As the number of faces increases, the surface area approaches that of the n-sphere.

From testing, there are only 2 methods that create a sphere satisfying these constraints.

One method is to generate random vertices on the unit sphere, attempt to spread them out, and perform gift wrapping. This method has the problems of generating an unknown number of faces, it's polynomial in time, and two successive calls will yield two different spheres.

The other method, and the one we use, is to extend the UV sphere algorithm for n dimensions. The biggest problem with UV spheres is that the faces near the equator will be very large, and the faces near the poles will be very small. In other words, a very uneven distribution. However, it has a linear time construction and produces the same sphere if called twice.

Creating a hypersphere with the UV algorithm is conceptually simple. Assume we want to divide each axis into k segments and that we start with a 1D sphere (a line). Then, to create a 2D sphere, we rotate the 1D sphere along the XY plane. To create a 3D sphere, we rotate the 2D sphere along the YZ plane, etc.

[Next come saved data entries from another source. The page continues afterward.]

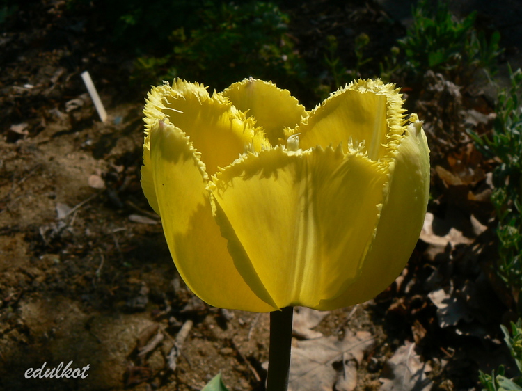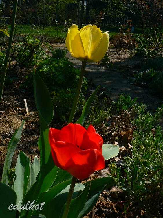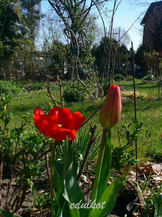 Jeszcze uchowały się jakieś stare tulipany w małym ogródku, kika ma pączki, w innych miejscach same liście, ale za 2 lata pewnie zakwitną.
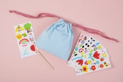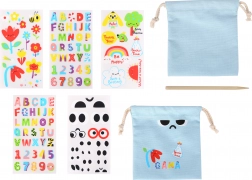 Színes betűk és számok segítségével elnevezheted a zsákot, és vidám képekkel díszítheted – minden darab egyedi lesz.
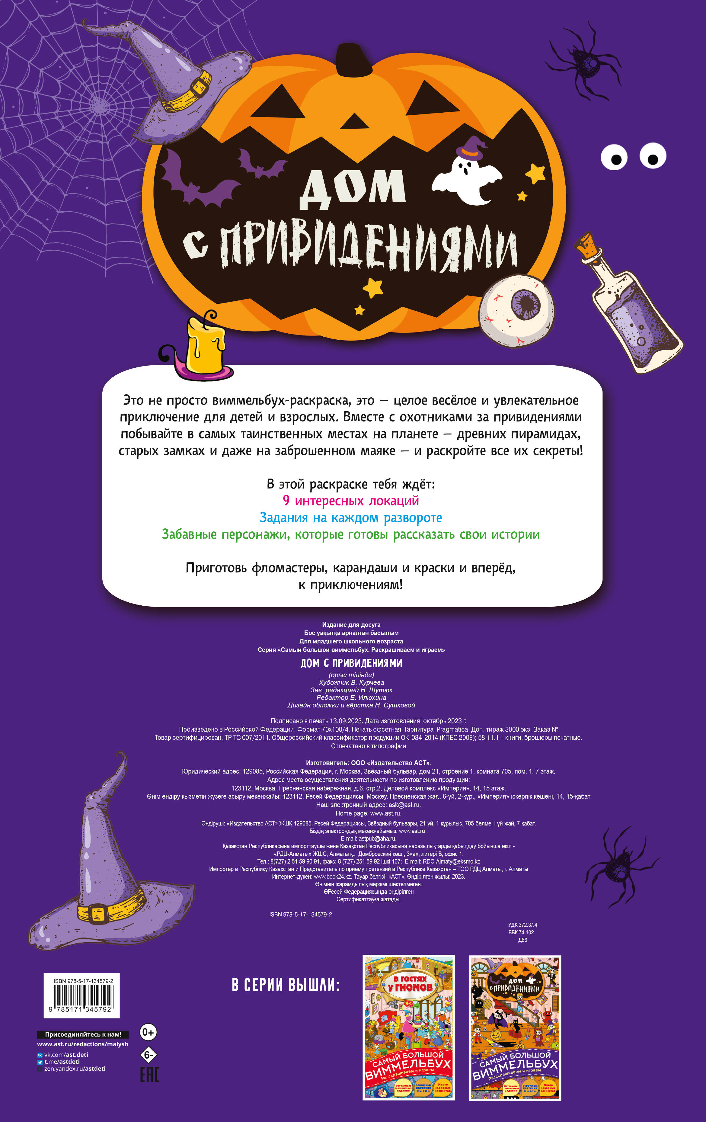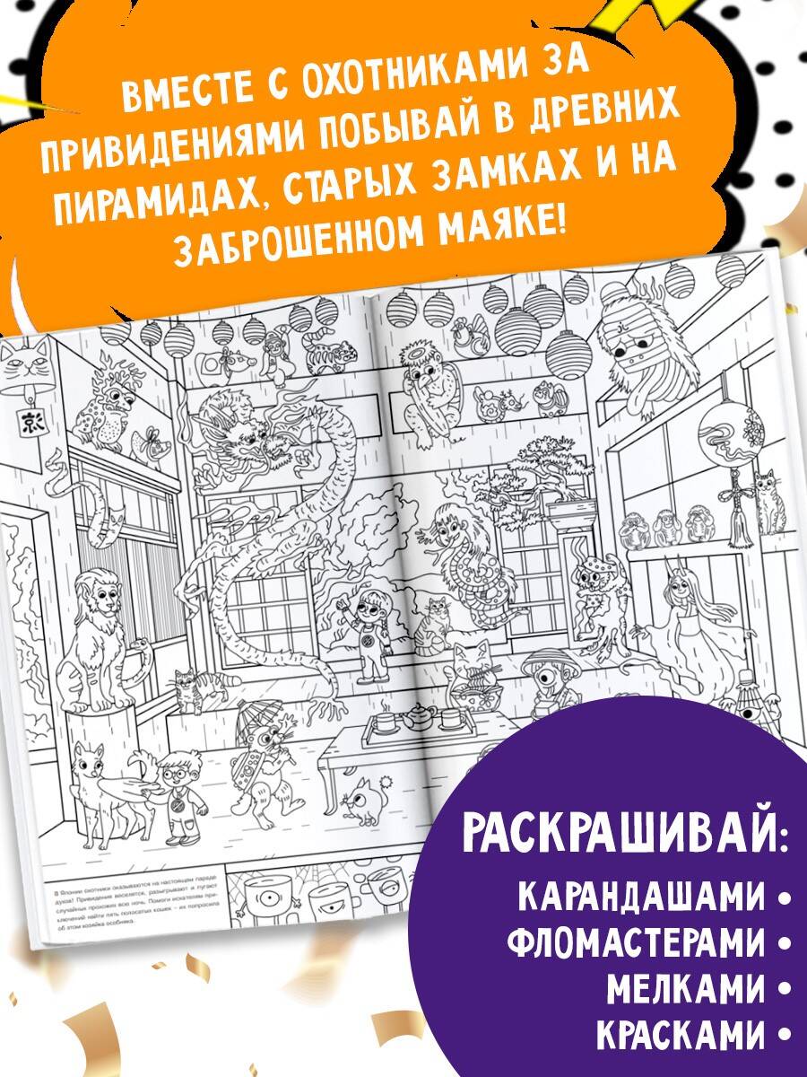 Это не просто виммельбух-раскраска, это - целое весёлое и увлекательное приключение для детей и взрослых. Вместе с охотниками за привидениями побывайте в самых таинственных местах на планете - древних пирамидах, старых замках и даже на заброшенном маяке - и раскройте все их секреты! В этой раскраске тебя ждёт: -9 интересных локаций -Задания на каждом развороте -Забавные персонажи, которые готовы рассказать свои истории Приготовь фломастеры, карандаши и краски и вперёд, к приключениям!

This can be seen more easily with a picture. To create a 2D sphere from a 1D sphere, we rotate a line (a 1D sphere) around the XY plane:

To create a 3D sphere from a 2D sphere, we rotate a circle (a 2D sphere) around the YZ plane:

Rotating along the XZ plane would also work. For higher dimensions, there will be many planes to choose to rotate along.

It should be noted that we choose the number of segments to be even. This allows the UV sphere to have the same arrangement of vertices around each pole and avoid a flat a appearance at one of the poles.

Materials

When a ray hits a face, we need to decide which direction it will go next and how its color will change. For instance, if the ray hits a mirror, it should reflect off perfectly. But if the ray hits a diffuse surface, it should scatter randomly.

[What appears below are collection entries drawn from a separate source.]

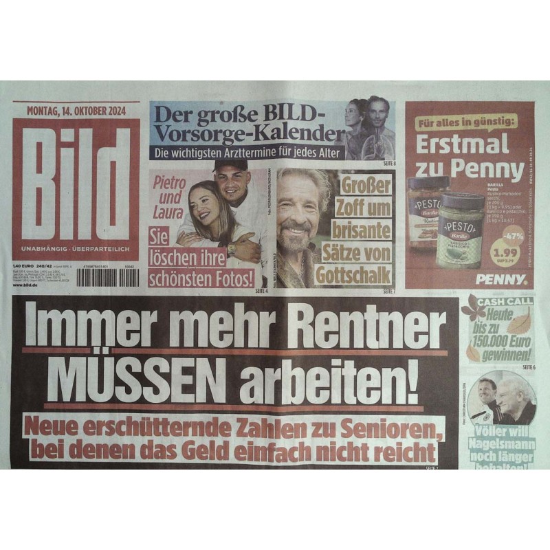 Deutsche Bild Zeitung vom Montag den 14.10.2024
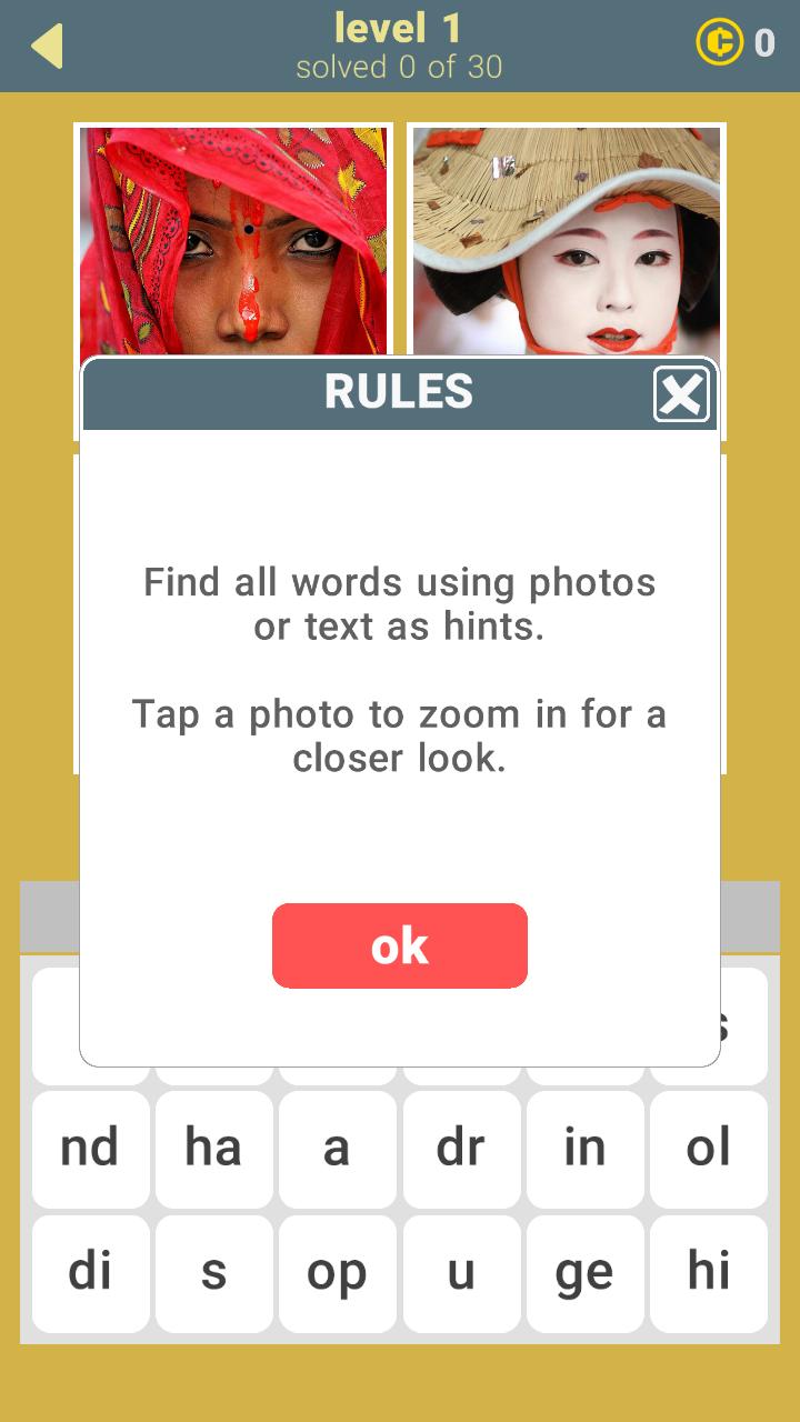 One word per photo. 30 words per level. 660 Words in the game. Can you find all of them? Sometimes you have to think beyond the obvious. Good luck!
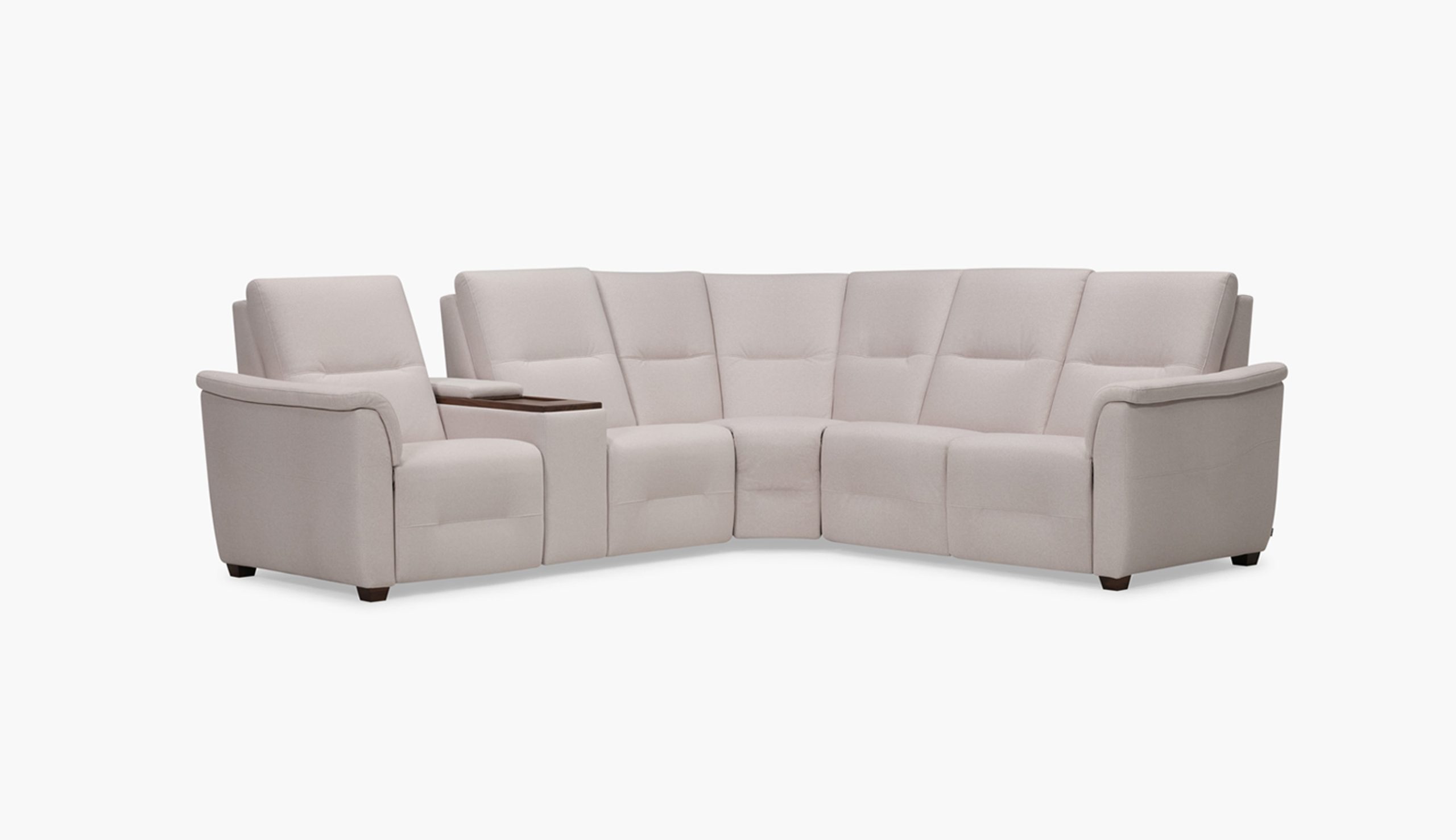 Oxford provides classic comfort with its padded armrest and decorative pull tuck detail on the seat and footrest. Standard with triple motor power recline, headrest, and lumbar, Oxford is also available with the Premium Amenities package and choice of walnut or black ash wood elements. Available in all leather, leather match, and fabrics, with the exception of accent fabrics.
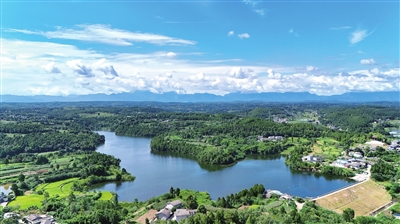 處暑過后,暑氣漸消,秋意悄然暈染開來。8月23日,綿陽游仙區街子、云鳳等地的鄉村田園間,一派絢麗多彩的景致如詩如畫。黃綠交織的田野上,農房錯落有致,道路如玉帶般蜿蜒其間,水庫似碧玉鑲嵌大地,處處透著寧靜祥和。抬頭望去,流云在湛藍的天空中如輕紗漫舞,云卷云舒間盡顯浪漫,引人沉醉。極目遠眺,逶迤起伏的龍門山脈宛如巨龍騰躍,仿佛直抵天際;山巔云層奔涌,氣勢磅礴,與蒼穹共同勾勒出一幅雄渾壯闊的天地畫卷。

One of the biggest differences between a ray tracer and a ray tracer is what a ray does when it hits a face. A ray tracer that uses 1 ray per pixel will not really use 1 ray. At each point when a ray hits a surface, multiple rays will be spawned going in different directions depending on the properties of the material. In a ray tracer, no new rays will be spawned. Instead, at each collision, the tracer will randomly decide which direction the ray should go next after calculating the probabilities of different scattering phenomena.

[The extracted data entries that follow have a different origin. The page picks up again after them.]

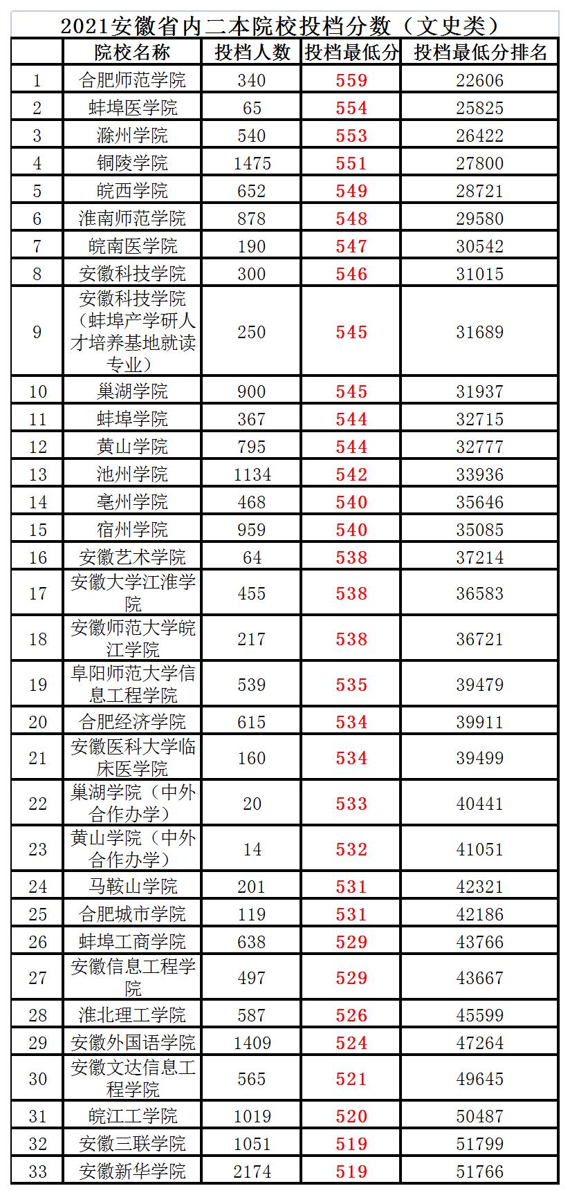 所以安徽文科投档分数表上有33个招生院校,其中包含了安徽科技学院(蚌埠产学研人才培养基地就读专业)、巢湖学院(中外合作办学)、黄山学院(中外合作办学)3个独立计划。
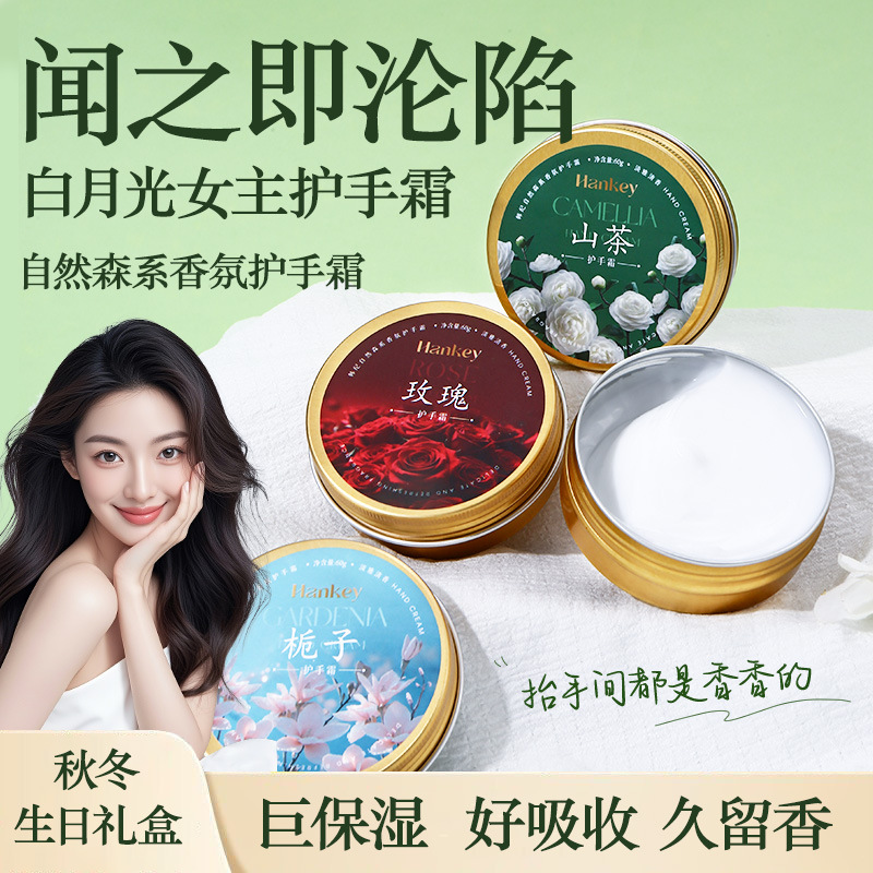 韩纪自然森系香氛护手霜山茶玫瑰栀子滋润保湿秋冬护手霜厂家批发
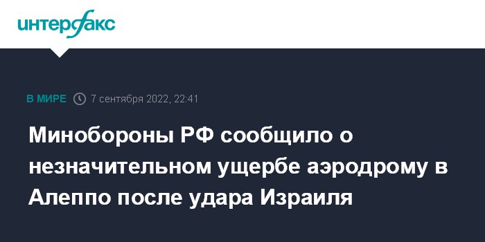 Москва. 7 сентября. INTERFAX.RU - В Минобороны РФ заявили, что в результате израильского удара 6 сентября крылатыми ракетами по аэродрому в сирийском городе Алеппо был причинен незначительный ущерб его инфраструктуре.
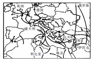 问题 下图为2015年8月~2016年3月涌入欧洲的难民迁移路径示意图。读图完成第下题。 此次涌入欧洲的难民主要来源地是( )。 ①北非 ②南亚 ③西亚 ④中亚
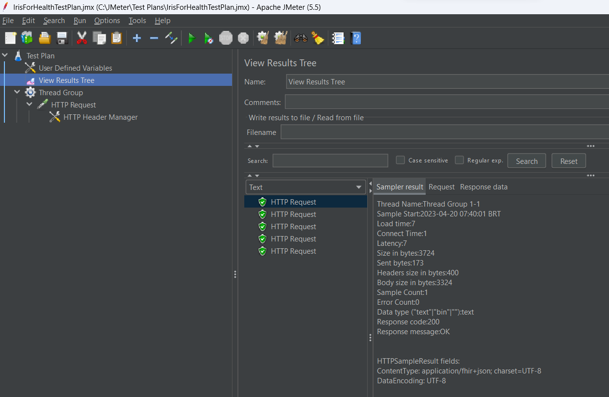 - Vous pouvez consulter les résultats de chaque demande dans la section Voir l'arborescence des résultats > l'onglet des résultats de l'échantillonneur :

Material properties, if done properly, should not depend on the dimension of the space we're working in. At most, it should only depend on the relative angle of a ray and a face normal, which can be calculated as a simple dot product. Thus we don't need to use any higher dimensional algebra in this section.

Lights and Color

In the real world, the color of an object is determined by the wavelengths of light it emits. For most objects, this corresponds to the wavelengths of light it reflects. So, an apple is red because it reflects wavelengths in the red spectrum.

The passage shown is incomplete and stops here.